# Whats the best way to get my women crazy for me?



## marriedguy (Nov 7, 2009)

I've tried alot of things...but they all seem like short term fixes...I've tried the fancy dinner thing...having the house extra clean when she comes home...spend quality time with her turning the TV off...giving little gifts...

I just finished reading "5 languages of Love" and it's a great book...recommend it to anyone married..especially to those that have been married for a few years....my wife's language definitely is "Quality time" so I've been trying to do that more and it seems to work somewhat..but I dont wanna crowd her...even though she feels closer to me, it does not get her to chase me....how can I get my wife to chase me(she never has..not even when we were dating..I always called her...drove to her place...emailed her.. and so on) I've always been doing everything I can to get the relationship closer and crazier..while she's very laid back..almost as if she doesn't care...but when i asked her to marry me..she cried out of happyness...
but...I have always longed for a woman that wants me as much as I want her...
what's the best way to be? Do I give her more space then she needs? Just go about doing my own thing? Should I stop trying so hard? Should I shut up more about my work(cut my work talk already by at least 50%), shut up more about sports, just only communicate to her about whatever she wants to talk about? It just seems she gets bored of me pretty quickly when I talk about my day..about my interest...my ideas....should I just live as if I'm single..except show her love and respect by actions(not touching her..but doing things for her..not so much by words) I'm always trying to fix things with words...I've learned that way I just dig myself a deeper hole..

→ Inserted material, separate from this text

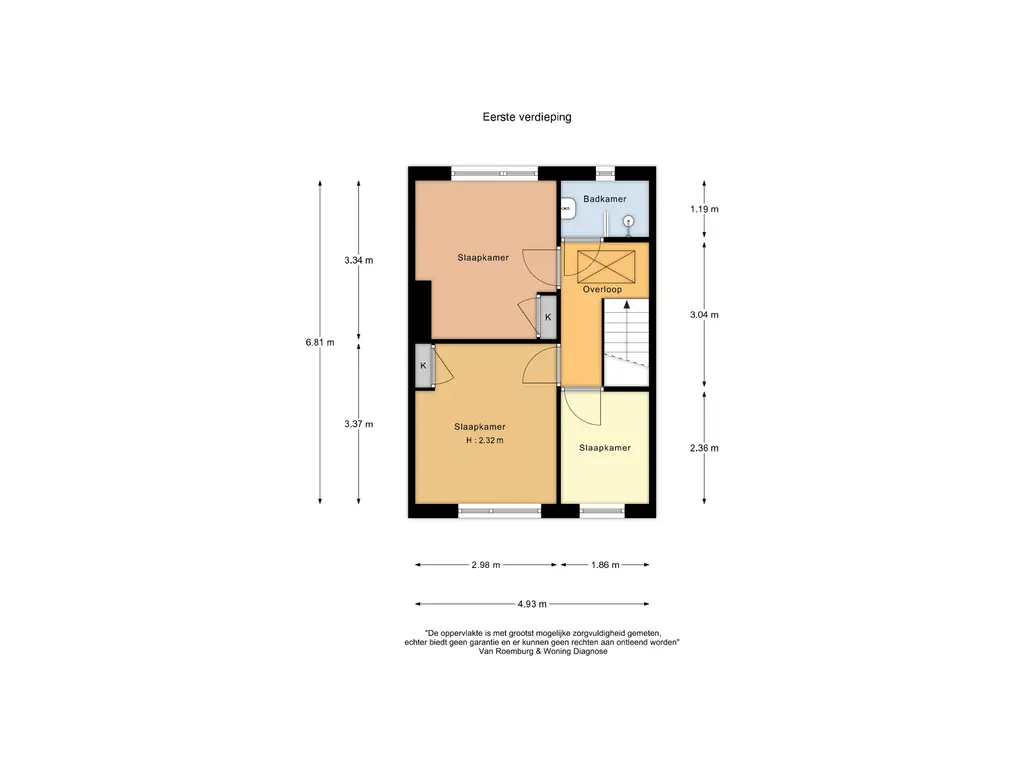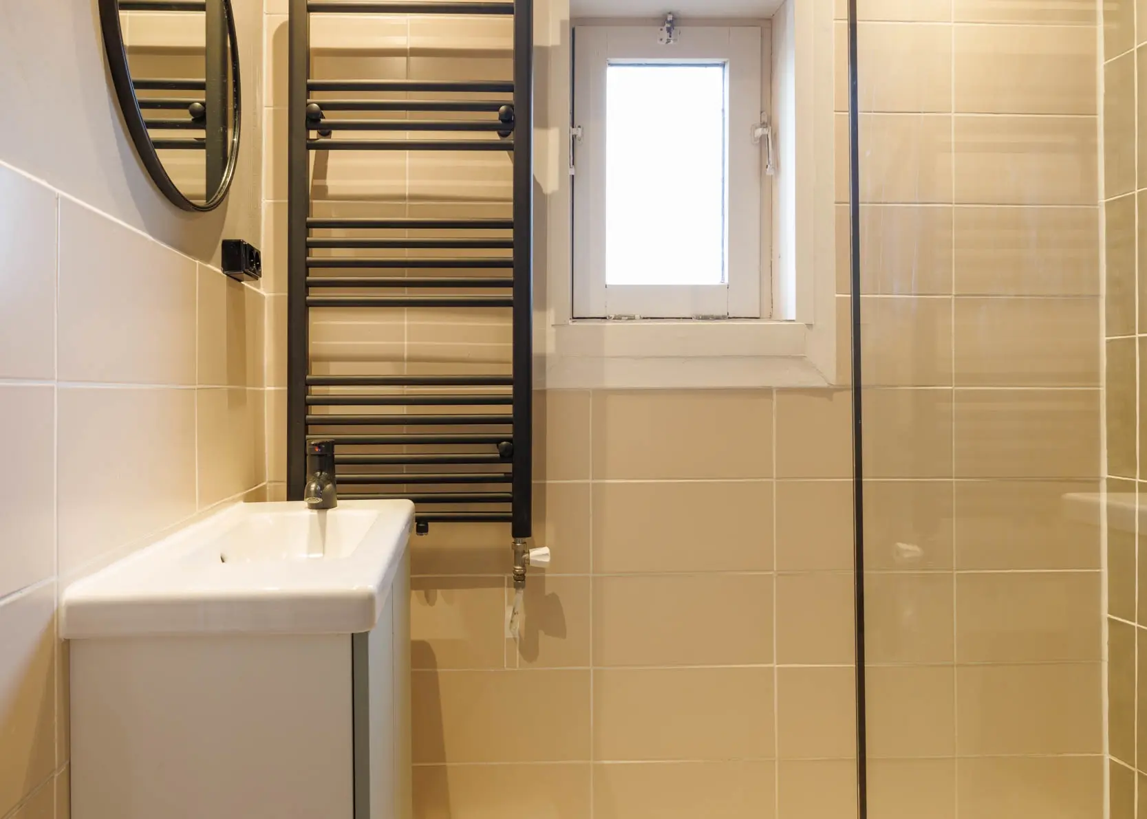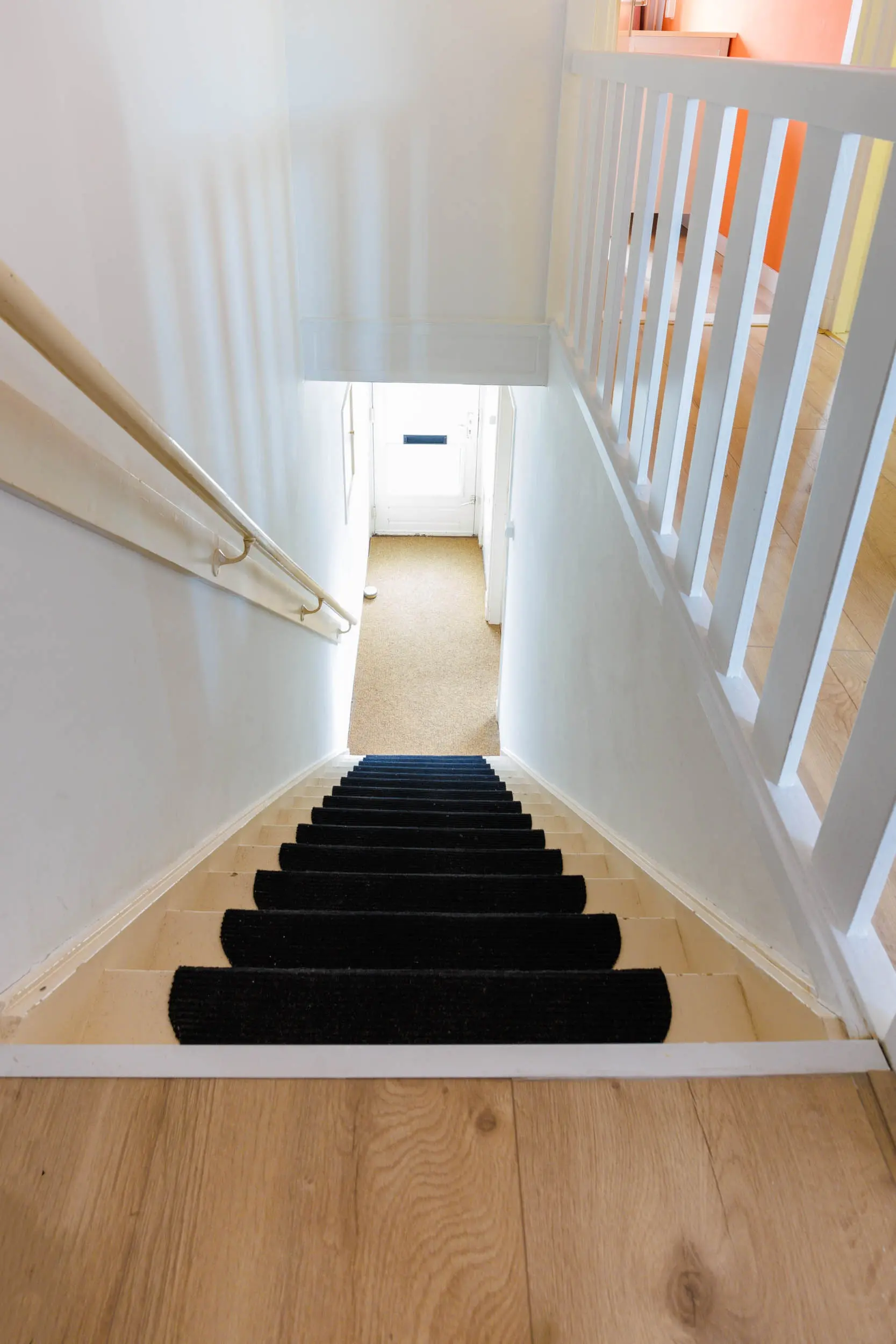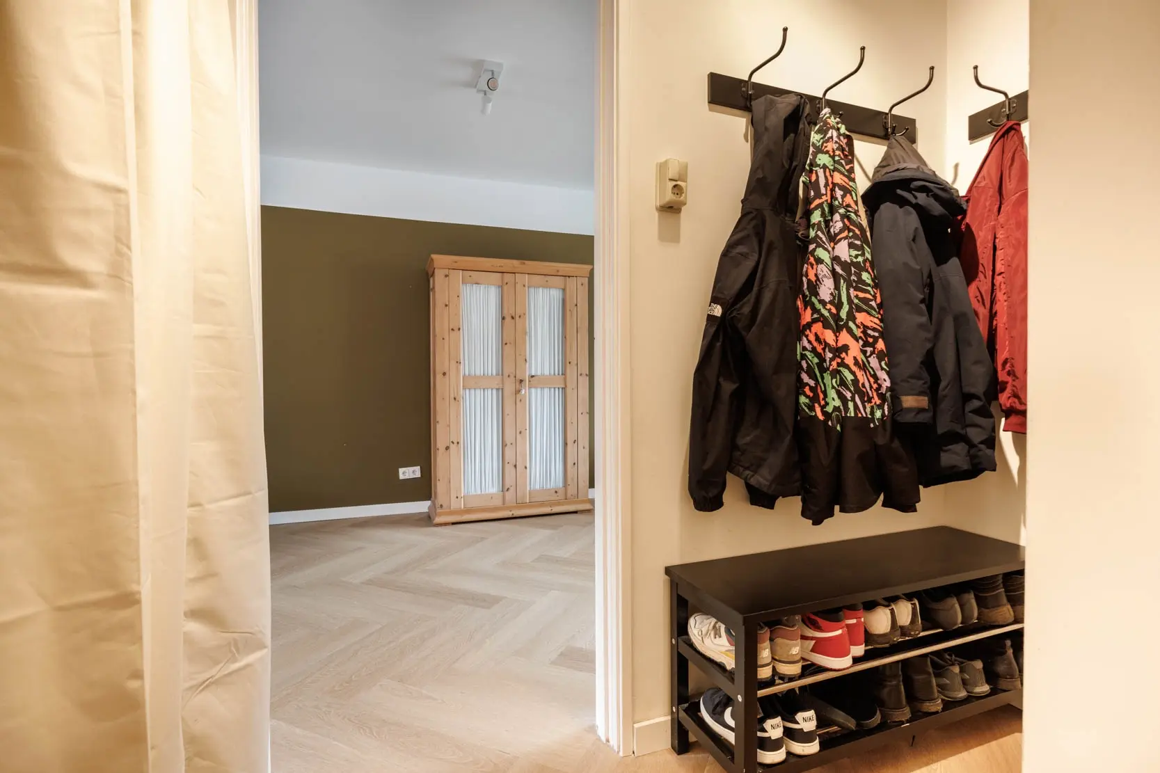 Overloop met toegang tot drie slaapkamers en de badkamer. Aan de voorzijde van de woning treft men twee slaapkamers waarvan één slaapkamer is voorzien van een handige inbouwkast. De derde slaapkamer bevindt zich aan de achterzijde van de woning en is tevens voorzien van een inbouwkast. De moderne badkamer uit 2022 is voorzien van een inloopdouche, een wastafelmeubel en een handdoekradiator.

I know it isn't about receiving but about giving..that's the best way to be but I cant help but want her to feel crazy the way I do...


----------



## marcy* (Feb 27, 2010)

She loves you, but she can't be you. She is the just the way she is. You can't change her. Just accept her. There are not two people that show their love in the same way. Maybe you are asking to much from her. Why you need her to feel crazy about you? I don't want my husband to feel that crazy about me. That scares me, or make me feel like something is wrong with me and I don't deserve him. I want him just to love me. Just be yourself. Do not try to hard when she is happy with less.


----------